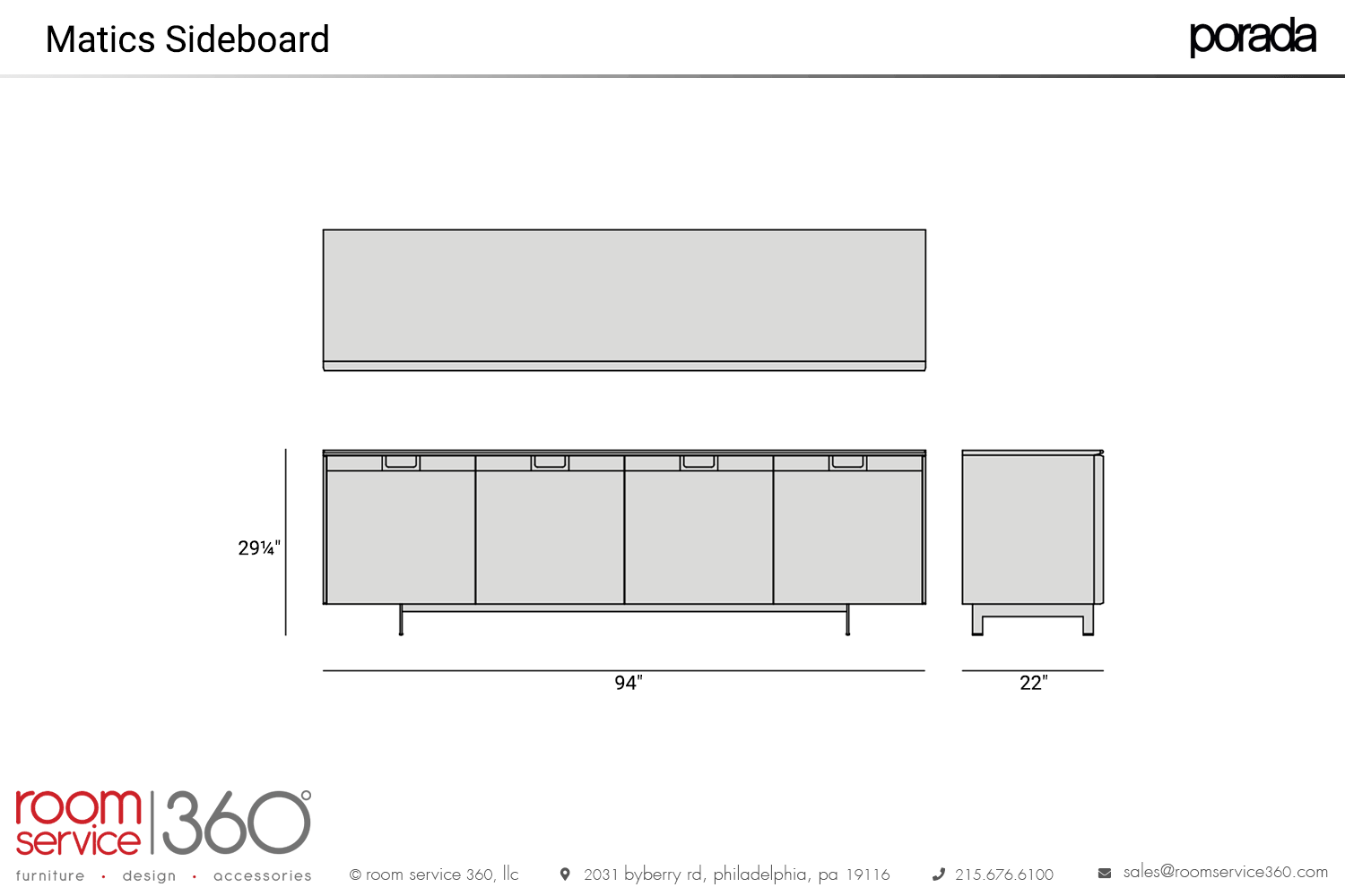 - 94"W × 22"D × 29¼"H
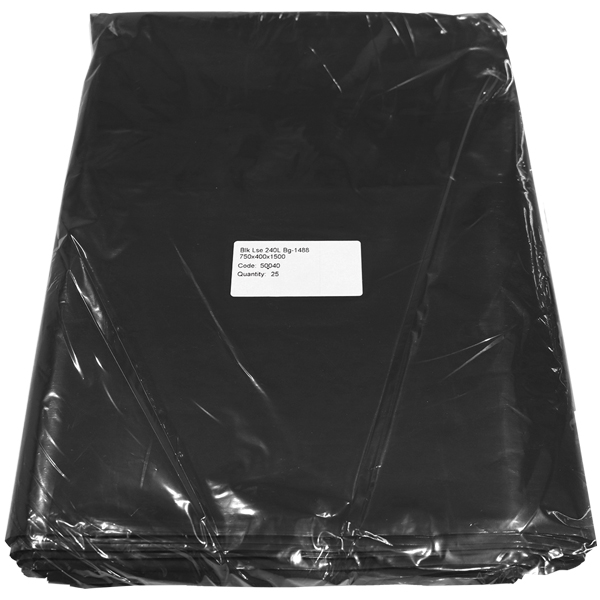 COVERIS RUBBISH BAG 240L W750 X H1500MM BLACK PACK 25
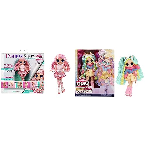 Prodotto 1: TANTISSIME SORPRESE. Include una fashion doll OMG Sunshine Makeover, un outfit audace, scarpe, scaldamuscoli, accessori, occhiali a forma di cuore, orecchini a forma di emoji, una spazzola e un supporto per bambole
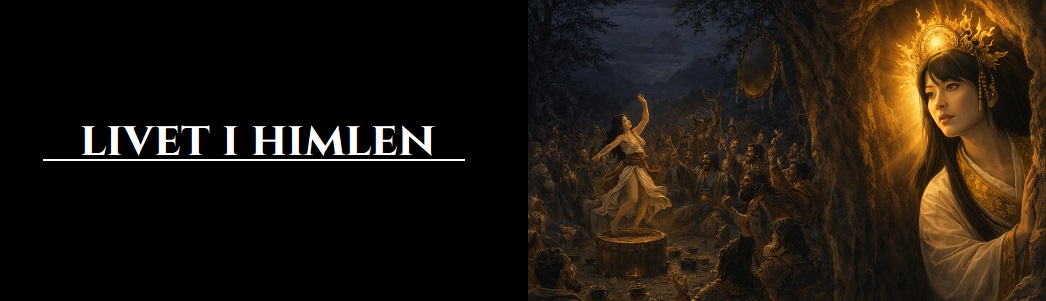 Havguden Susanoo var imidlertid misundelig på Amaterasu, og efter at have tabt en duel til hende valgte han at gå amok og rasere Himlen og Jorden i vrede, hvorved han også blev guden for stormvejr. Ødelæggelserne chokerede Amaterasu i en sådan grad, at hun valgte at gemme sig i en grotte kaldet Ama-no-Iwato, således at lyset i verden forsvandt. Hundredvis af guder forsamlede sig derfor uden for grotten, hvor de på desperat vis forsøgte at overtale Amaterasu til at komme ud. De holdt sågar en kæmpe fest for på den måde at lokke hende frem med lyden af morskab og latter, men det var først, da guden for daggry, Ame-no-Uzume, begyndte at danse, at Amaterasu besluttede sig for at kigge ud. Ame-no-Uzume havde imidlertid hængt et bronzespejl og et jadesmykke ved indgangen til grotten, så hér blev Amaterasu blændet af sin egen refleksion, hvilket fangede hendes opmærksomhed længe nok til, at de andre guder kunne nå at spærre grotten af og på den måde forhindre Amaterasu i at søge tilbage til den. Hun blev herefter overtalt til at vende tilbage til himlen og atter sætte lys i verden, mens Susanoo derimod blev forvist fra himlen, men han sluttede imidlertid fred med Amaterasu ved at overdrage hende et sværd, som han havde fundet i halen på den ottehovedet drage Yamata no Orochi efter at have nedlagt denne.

■ ■ ■ ■ ■ ■ ■

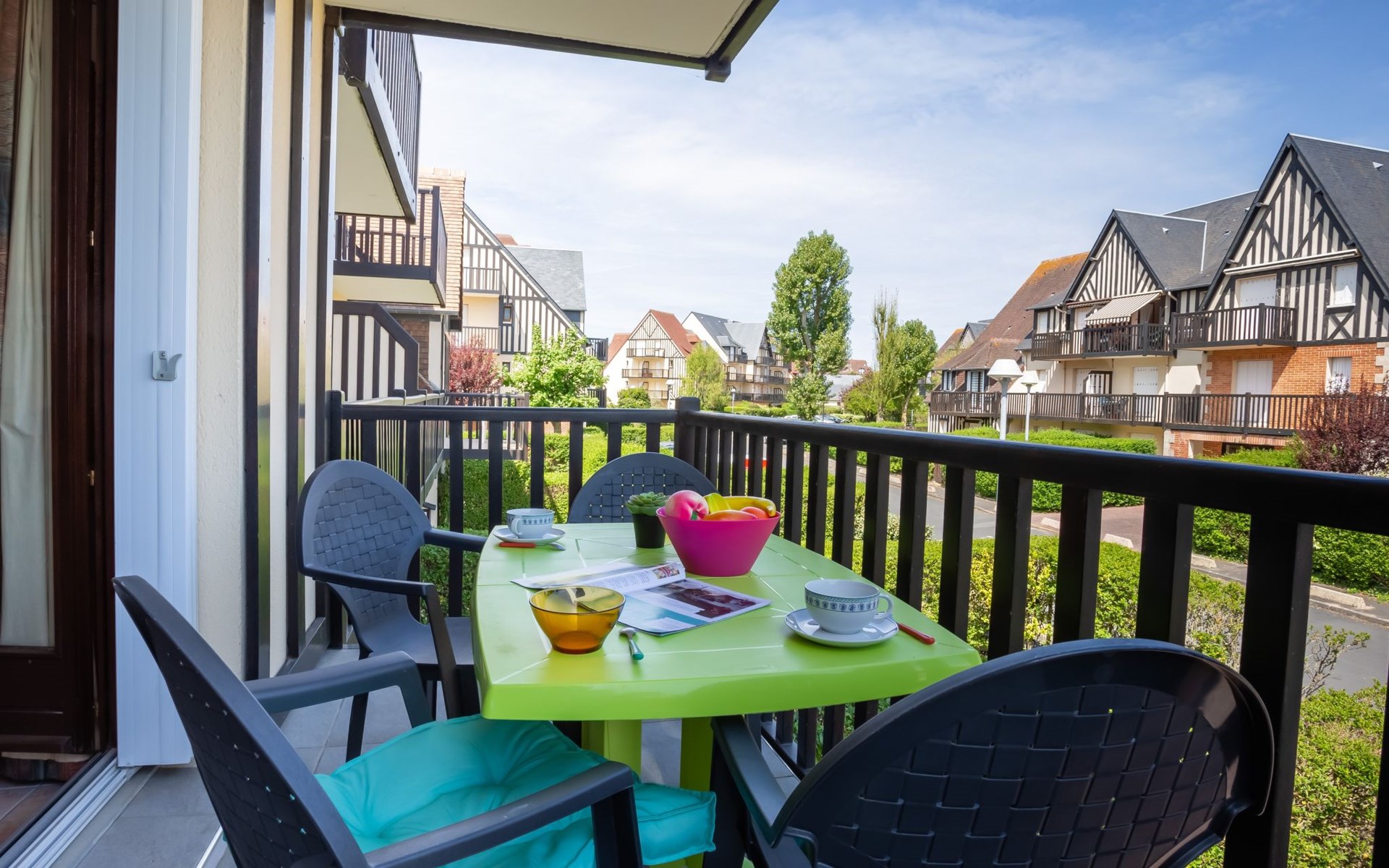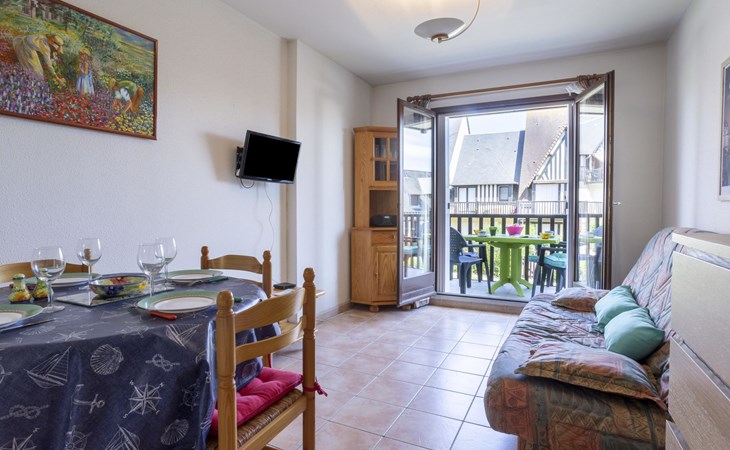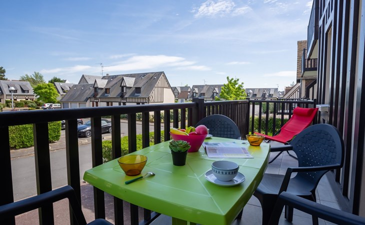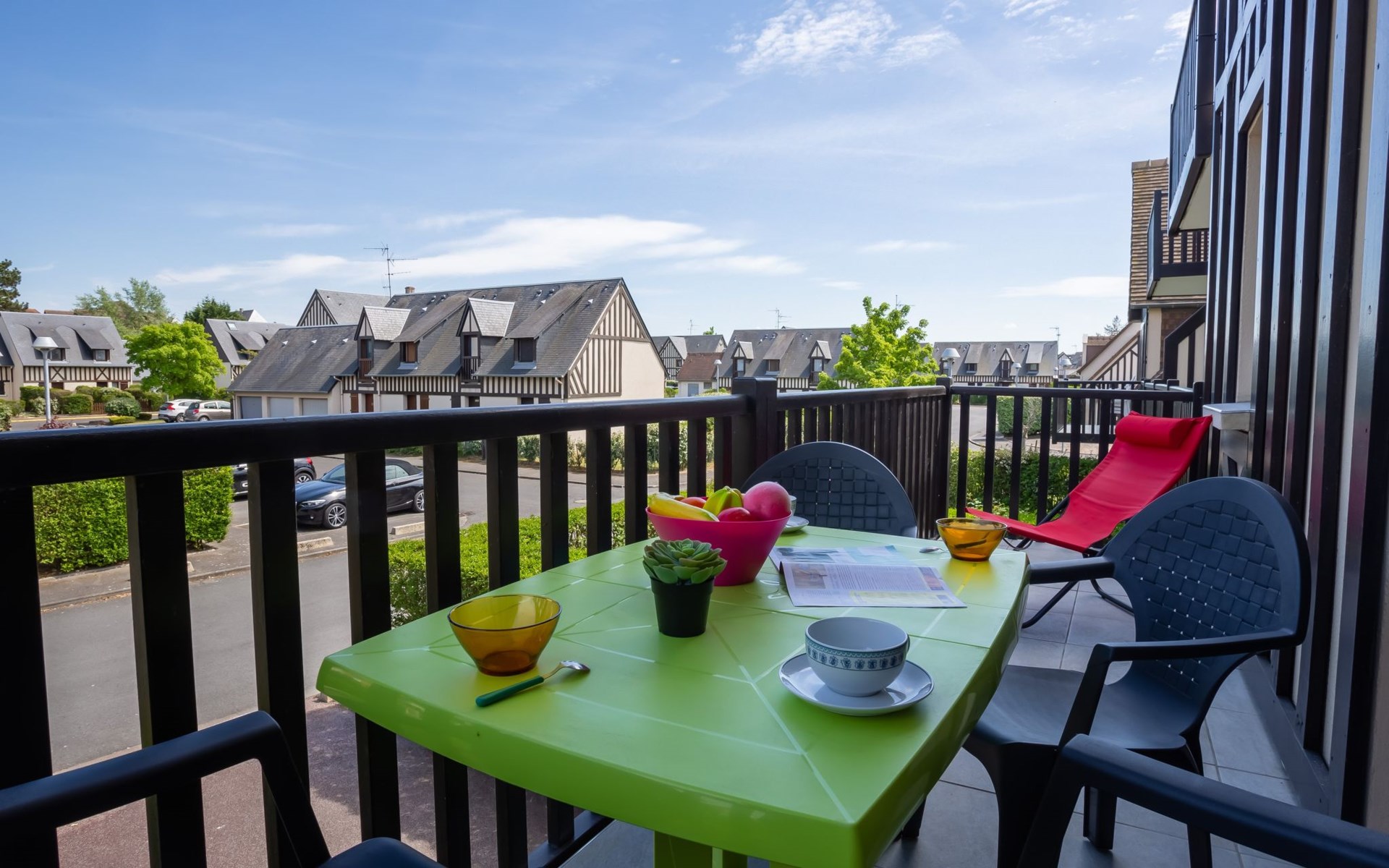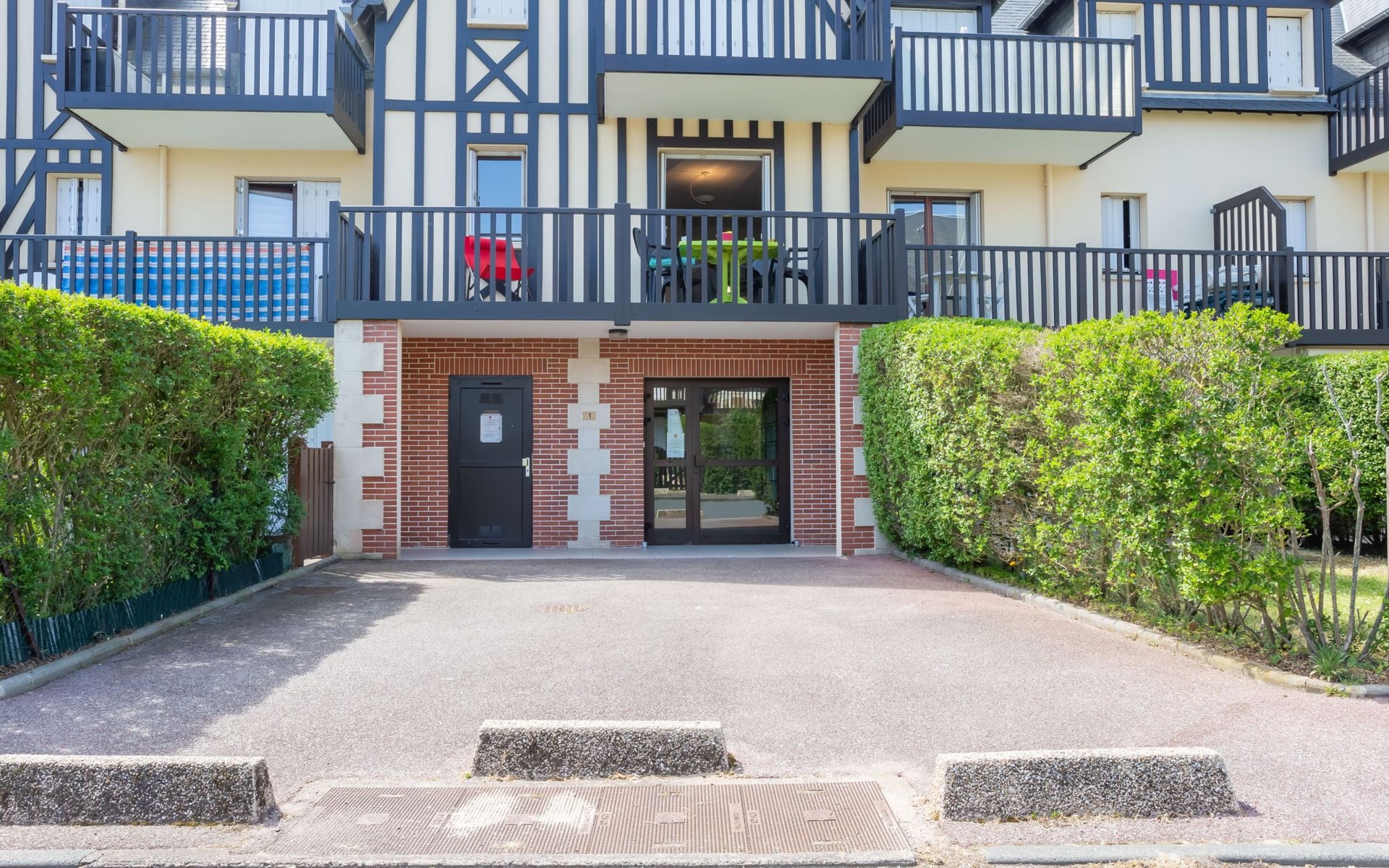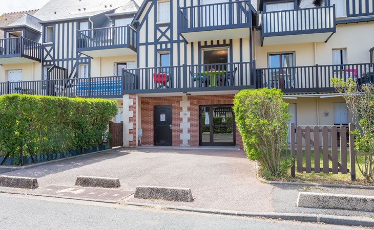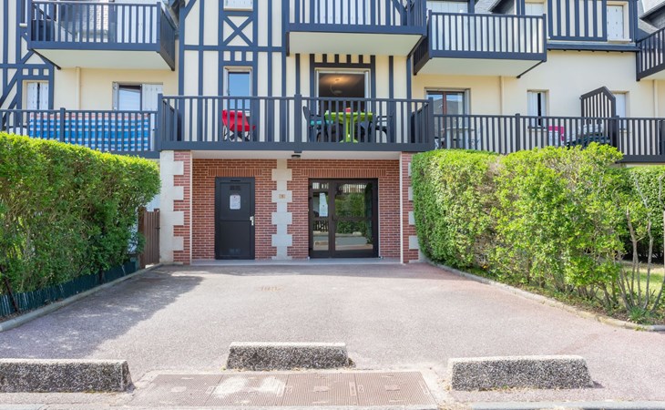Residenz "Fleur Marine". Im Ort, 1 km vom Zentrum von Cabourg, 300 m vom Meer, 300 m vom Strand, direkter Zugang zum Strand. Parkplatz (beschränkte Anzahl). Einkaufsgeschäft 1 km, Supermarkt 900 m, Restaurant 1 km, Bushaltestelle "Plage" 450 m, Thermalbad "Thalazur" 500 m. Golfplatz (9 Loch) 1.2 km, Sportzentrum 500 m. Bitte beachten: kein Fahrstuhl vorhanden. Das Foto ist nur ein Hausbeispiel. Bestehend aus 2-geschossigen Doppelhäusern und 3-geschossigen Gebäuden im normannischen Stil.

■ ■ ■ ■ ■ ■ ■

* **The problem**
Above are the records. Copy only the lines from the one with "COVERIS RUBBISH BAG" through the one with "Prodotto 1: TANTISSIME", exactly, with no pictures.

* **Task result**
 COVERIS RUBBISH BAG 240L W750 X H1500MM BLACK PACK 25
 Prodotto 1: TANTISSIME SORPRESE. Include una fashion doll OMG Sunshine Makeover, un outfit audace, scarpe, scaldamuscoli, accessori, occhiali a forma di cuore, orecchini a forma di emoji, una spazzola e un supporto per bambole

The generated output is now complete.